No big deal you can use the standard set on 2 1/2" thick stock and have a 1" wide tongue just by adding center cutter(s)/bearing(s), a longer arbor is required but that's not a big deal, I have one that's 4 1/2" long for the cutter stack up type assembly ..

2 pc 1/2" SH Entry Door Matched R&S Router Bit Set - eBay (item 130410034733 end time Jul-20-10 15:41:05 PDT)


I will say if you don't want use/make the longer arbors you can just use the standard one and just use part of the cutters at one time, that's to say do one edge and than flip it over and then the other edge and use the slot cutters last on the frame.. many way to cook that goose.. 

========



istracpsboss said:


> Hi
> 
> I've been looking for a set for panelled external doors.
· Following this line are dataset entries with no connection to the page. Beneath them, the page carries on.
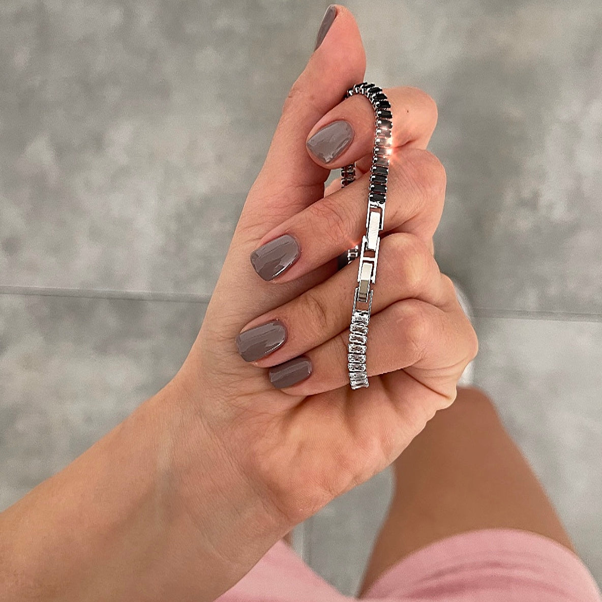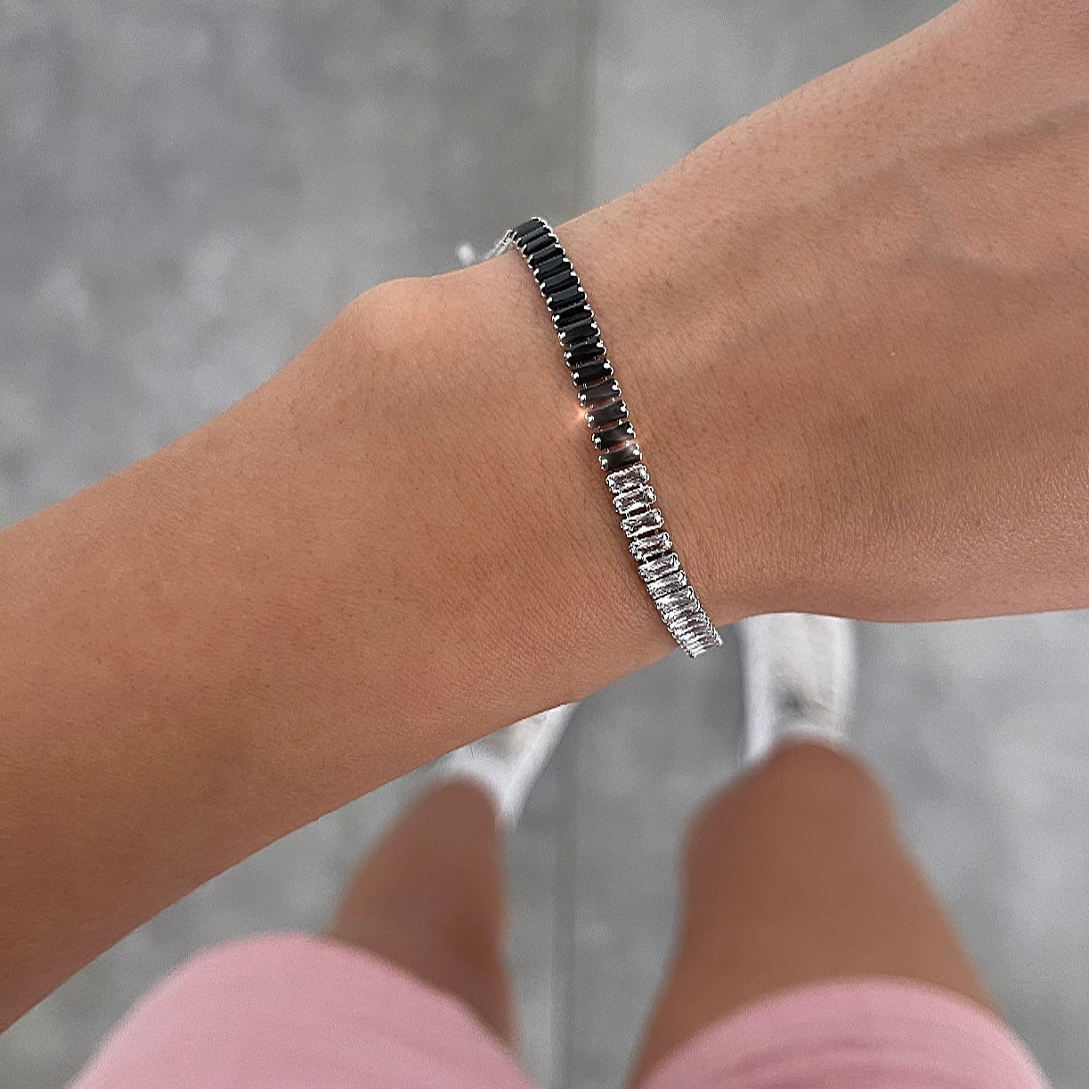 צמיד חצי שיבוצי שחור חצי שיבוצי שקוף כסף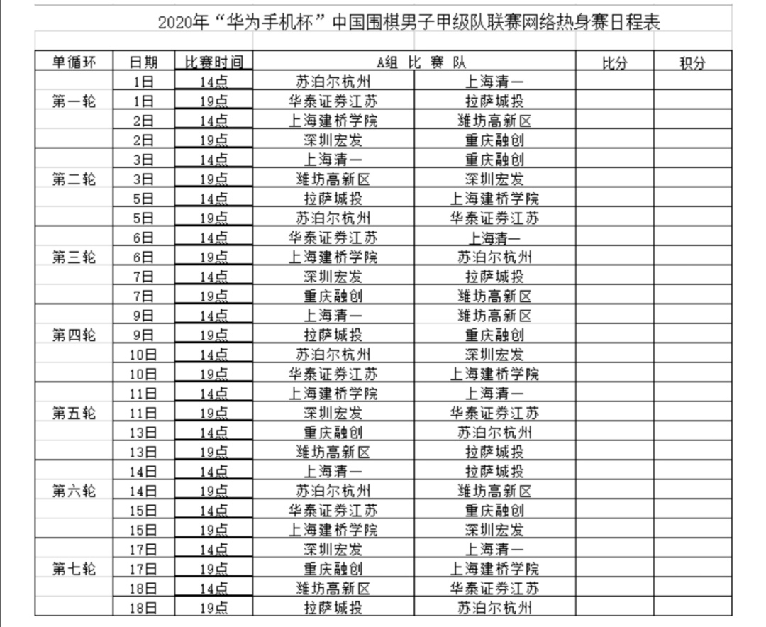 附:2020年“華為手機杯”中國圍棋男子甲級隊聯(lián)賽網(wǎng)絡(luò)熱身賽日程表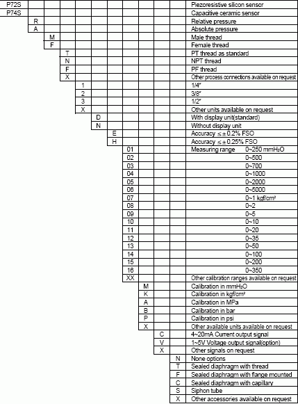 Model P72S P74S Technology Piezoresistive silicon pressure sensor Capacitive ceramic pressure sensor Pressure ranges 0~0.1 to 350kgf/cm2 relative pressure 0~250mmH20 to 70kgf/cm2 relative 0~1 to 350kgf/cm2 absolute pressure 0~1 to 70kgf/cm2 absolute Pressure reference Gauge, absolute, vacuum and compound Overload 3×full scale without damage 6×full scale without damage Current output signal 4~20mA DC 2-wire technique Voltage output signal 1~5V DC 3-wire technique Other output signal available on request Local display LED 31/2 digit Excitation voltage 12~36V DC Load resistance max@24V 500Ω at 24V Influence of excitation 0.01% FSO/V Power ripple ≤500mV P-P Reverse polarity Protected Shock resistance No change in performance after 10Gs for 11ms Vibration 0.1G (1 m/s/s) maximum Response time(10~90%) ≤2 milliseconds 1 milliseconds Adjustment ±10% FSO/zero and span ±20% FSO/zero and span Accuracy ≤±0.25% FSO ≤±0.2% FSO Non-linearity ±0.100% FSO typical ±0.15% FSO Repeatability ±0.015% FSO typical ±0.10% FSO Pressure hysteresis ±0.010% FSO typical ±0.10% FSO Long term stability ±0.3% FSO over 6 month Max. annual error ±0.10% FSO Cutoff frequency(-3 d B) ≤2kHz Reference temperature 35°C 25°C Operating temperature range -40~125°C -40~125°C Compensated temperature range 0~82°C -20~80°C Thermal sensitivity shift ≤±0.2%FSO in reference to 35°C typical ≤±0.05%FSO Thermal zero shift ≤±0.2% FSO in reference to 35°C typical ≤±0.1%FSO Thermal hysteresis ≤±0.1% FSO in reference to 35°C typical ≤±0.1%FSO Process connection PT1/4″, PT3/8″, PT1/2″male thread PF1/4″, PF3/8″, PF1/2″male thread Other connections available on request Process media Compatible with stainless steel 316 Ceramic Al2 O3, 96% Materials wetted by process Diaphragm : Stainless steel 316L Ceramic Al2 O3, 96% Housing : Aluminum Die-casting Gasket O-ring : Viton (HNBR, CSM, etc.) Enclosure rating IP65 Explosion protection Ex d IIC T6 Influence of mounting position Under 0.5kgf/cm2, mounted vertically Not critical Weight Approx.(802g) Options Sealed diaphragm with thread connection Sealed diaphragm with flange mounting Siphon tube Sealed diaphragm with capillary Note : ① For high pressure measurement, this model is available up to 2000kgf/cm2 with thin film pressure sensor. ② If it is installed in explosive atomosphere, the covers should be kept tight when circuit alive.

All the ones I've seen advertised seem to be for a maximum 1 3/4" which is obviously somewhat flimsy for an external door, particularly when you consider that the tongues are only 1/2".
> Has anyone seen any suitable for thicker doors ?
> ...


----------



## istracpsboss (Sep 14, 2008)

Thanks Bob.

The longer arbour and the bottom cutter often seemingly integral with the shank were the problem areas when I'd looked at it previously. My longest blank arbour isn't long enough and whilst I'd happily make up an arbour for metal milling, where the speeds are relatively low, I was less confident of making one for something spinning at at least 8,000rpm, particularly as I think the usual ones are hardened then cylindrically ground to size.
I'd noticed George's ones. I think his has that bottom cutter integral with the shank, so I'd need to cannibalise a second set for its top cutter, apart from finding a long enough shank.
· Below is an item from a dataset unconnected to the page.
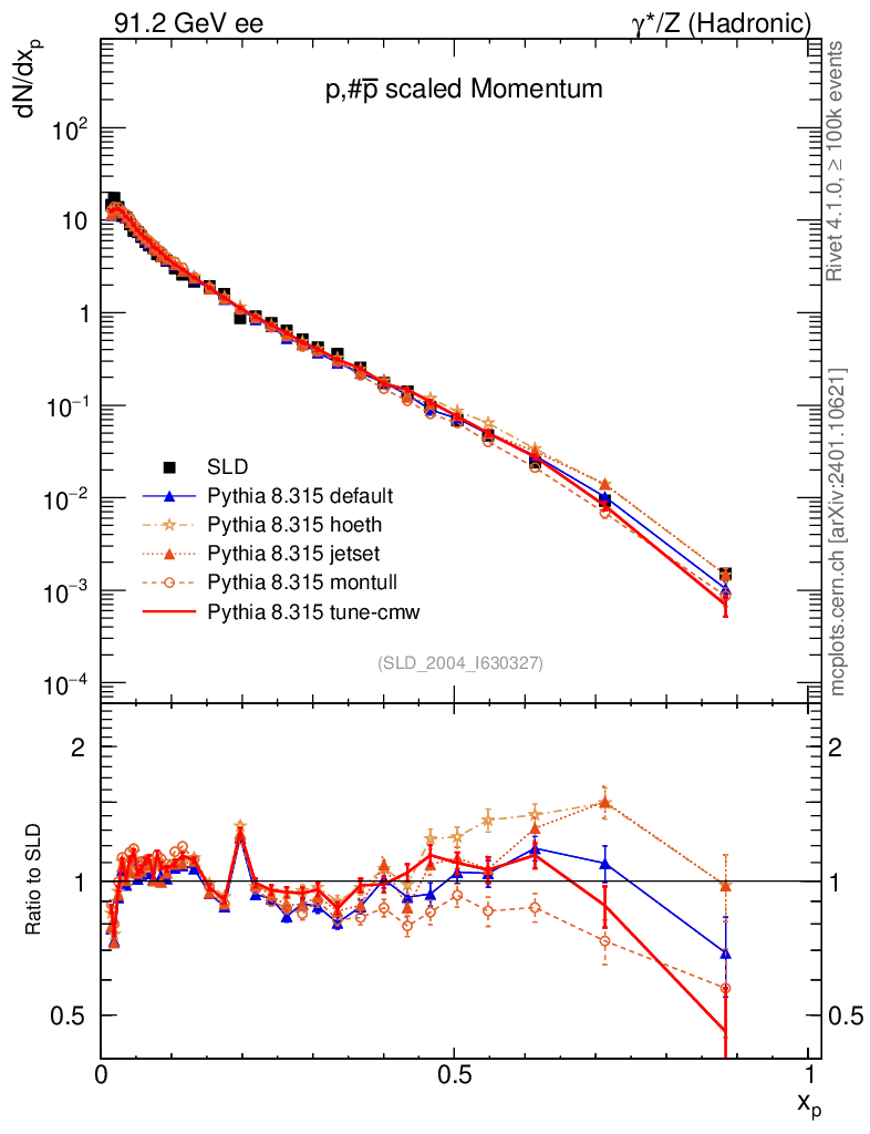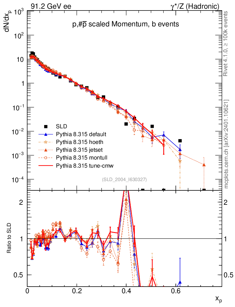 ee : γ*/Z (hadronic) : Identified Particles : p spectrum

I take your point about doing it one side at a time.

Cheers

Peter


----------



## istracpsboss (Sep 14, 2008)

Hi Ron

1 3/4" for doors might be likely for a cheap housing development, but external doors here are normally much thicker. Modern ones are 3", but some older doors are 4".

Cheers


----------



## ccmnova (Nov 4, 2009)

That's really thick but sure would be a great door ! I made some interior doors at 1-3/8 inch thick and used two 3/4 inch boards laminated and then planed down. I could not find good 8/4 stock here anywhere. I was going to try a 1-3/4 inch exterior door and also laminate it. I did talk to a door manufacturer in Somerset Pa to see if I could buy some thick stock and they said that they always use laminated construction for exterior doors to prevent warping.


----------



## bobj3 (Jan 17, 2006)

Hi Peter


Do you close the door b/4 you pull the bridge up or after ? LOL

====




istracpsboss said:


> Hi Ron
> 
> 1 3/4" for doors might be likely for a cheap housing development, but external doors here are normally much thicker. Modern ones are 3", but some older doors are 4".
> 
> Cheers


----------



## istracpsboss (Sep 14, 2008)

Funnily enough, half the time they are left unlocked. It's just a quality thing 

Cheers

Peter


----------